Given data >>
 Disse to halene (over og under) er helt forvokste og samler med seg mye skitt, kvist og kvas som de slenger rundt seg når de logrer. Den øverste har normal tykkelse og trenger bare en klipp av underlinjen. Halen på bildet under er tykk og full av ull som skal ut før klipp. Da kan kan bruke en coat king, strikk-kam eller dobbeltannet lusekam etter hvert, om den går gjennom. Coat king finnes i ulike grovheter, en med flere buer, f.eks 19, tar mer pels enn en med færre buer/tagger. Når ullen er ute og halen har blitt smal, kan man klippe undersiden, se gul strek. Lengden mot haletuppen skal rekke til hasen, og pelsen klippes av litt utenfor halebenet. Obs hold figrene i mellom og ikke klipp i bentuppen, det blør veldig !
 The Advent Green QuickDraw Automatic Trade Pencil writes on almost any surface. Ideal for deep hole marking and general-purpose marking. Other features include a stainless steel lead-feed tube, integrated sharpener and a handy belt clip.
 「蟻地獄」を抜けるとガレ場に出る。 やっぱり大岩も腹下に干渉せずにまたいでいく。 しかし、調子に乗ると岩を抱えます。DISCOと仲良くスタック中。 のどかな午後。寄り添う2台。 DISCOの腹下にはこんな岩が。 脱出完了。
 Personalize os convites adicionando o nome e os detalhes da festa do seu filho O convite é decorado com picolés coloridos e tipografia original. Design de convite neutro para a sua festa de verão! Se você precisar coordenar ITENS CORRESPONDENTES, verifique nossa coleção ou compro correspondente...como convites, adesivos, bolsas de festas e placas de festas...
* * *
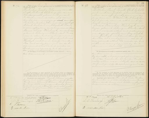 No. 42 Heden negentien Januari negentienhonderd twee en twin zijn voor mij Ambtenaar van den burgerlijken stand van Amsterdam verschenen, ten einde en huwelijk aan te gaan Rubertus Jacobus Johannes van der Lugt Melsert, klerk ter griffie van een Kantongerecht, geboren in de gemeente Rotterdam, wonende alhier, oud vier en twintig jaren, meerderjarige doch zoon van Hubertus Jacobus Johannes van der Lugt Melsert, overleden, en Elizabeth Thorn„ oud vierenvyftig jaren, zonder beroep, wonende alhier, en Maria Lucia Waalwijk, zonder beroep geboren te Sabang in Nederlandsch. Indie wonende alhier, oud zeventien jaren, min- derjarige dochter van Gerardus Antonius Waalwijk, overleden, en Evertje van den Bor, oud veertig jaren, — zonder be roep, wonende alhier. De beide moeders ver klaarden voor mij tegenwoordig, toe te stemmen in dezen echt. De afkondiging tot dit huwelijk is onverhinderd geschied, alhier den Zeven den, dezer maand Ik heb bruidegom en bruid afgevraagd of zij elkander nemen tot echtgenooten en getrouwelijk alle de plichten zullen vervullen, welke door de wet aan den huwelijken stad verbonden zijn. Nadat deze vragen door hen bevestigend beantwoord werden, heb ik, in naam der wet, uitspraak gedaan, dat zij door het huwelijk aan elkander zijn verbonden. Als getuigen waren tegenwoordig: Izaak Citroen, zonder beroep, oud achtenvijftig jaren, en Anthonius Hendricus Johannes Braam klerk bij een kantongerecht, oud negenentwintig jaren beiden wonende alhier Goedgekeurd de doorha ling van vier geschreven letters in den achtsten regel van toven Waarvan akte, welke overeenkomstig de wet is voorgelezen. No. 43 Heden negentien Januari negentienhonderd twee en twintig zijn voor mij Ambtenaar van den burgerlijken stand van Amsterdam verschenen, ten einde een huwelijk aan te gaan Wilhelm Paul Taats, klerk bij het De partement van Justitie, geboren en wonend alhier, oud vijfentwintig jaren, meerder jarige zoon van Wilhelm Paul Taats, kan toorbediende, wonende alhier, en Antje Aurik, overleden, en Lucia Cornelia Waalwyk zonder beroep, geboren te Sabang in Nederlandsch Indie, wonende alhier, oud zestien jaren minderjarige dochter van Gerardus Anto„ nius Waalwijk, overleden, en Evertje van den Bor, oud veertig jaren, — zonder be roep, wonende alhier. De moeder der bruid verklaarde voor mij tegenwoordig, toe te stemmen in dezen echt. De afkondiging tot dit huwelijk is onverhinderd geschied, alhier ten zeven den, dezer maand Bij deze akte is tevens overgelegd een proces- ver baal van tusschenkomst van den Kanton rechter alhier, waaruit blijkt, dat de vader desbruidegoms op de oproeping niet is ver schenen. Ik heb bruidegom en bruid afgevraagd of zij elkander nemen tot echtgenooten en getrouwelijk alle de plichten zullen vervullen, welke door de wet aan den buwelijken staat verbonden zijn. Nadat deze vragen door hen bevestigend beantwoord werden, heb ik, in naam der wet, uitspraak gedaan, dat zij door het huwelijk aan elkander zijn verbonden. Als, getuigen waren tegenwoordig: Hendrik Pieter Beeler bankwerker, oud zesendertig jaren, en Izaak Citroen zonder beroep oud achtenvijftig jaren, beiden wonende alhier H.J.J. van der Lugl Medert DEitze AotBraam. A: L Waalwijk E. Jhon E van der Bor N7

Assigned task >> Write down again, exactly as given, only the lines above that fall from the line with "Disse to halene" to the line with "Personalize os convites", inclusive.

Answer section >>
 Disse to halene (over og under) er helt forvokste og samler med seg mye skitt, kvist og kvas som de slenger rundt seg når de logrer. Den øverste har normal tykkelse og trenger bare en klipp av underlinjen. Halen på bildet under er tykk og full av ull som skal ut før klipp. Da kan kan bruke en coat king, strikk-kam eller dobbeltannet lusekam etter hvert, om den går gjennom. Coat king finnes i ulike grovheter, en med flere buer, f.eks 19, tar mer pels enn en med færre buer/tagger. Når ullen er ute og halen har blitt smal, kan man klippe undersiden, se gul strek. Lengden mot haletuppen skal rekke til hasen, og pelsen klippes av litt utenfor halebenet. Obs hold figrene i mellom og ikke klipp i bentuppen, det blør veldig !
 The Advent Green QuickDraw Automatic Trade Pencil writes on almost any surface. Ideal for deep hole marking and general-purpose marking. Other features include a stainless steel lead-feed tube, integrated sharpener and a handy belt clip.
 「蟻地獄」を抜けるとガレ場に出る。 やっぱり大岩も腹下に干渉せずにまたいでいく。 しかし、調子に乗ると岩を抱えます。DISCOと仲良くスタック中。 のどかな午後。寄り添う2台。 DISCOの腹下にはこんな岩が。 脱出完了。
 Personalize os convites adicionando o nome e os detalhes da festa do seu filho O convite é decorado com picolés coloridos e tipografia original. Design de convite neutro para a sua festa de verão! Se você precisar coordenar ITENS CORRESPONDENTES, verifique nossa coleção ou compro correspondente...como convites, adesivos, bolsas de festas e placas de festas...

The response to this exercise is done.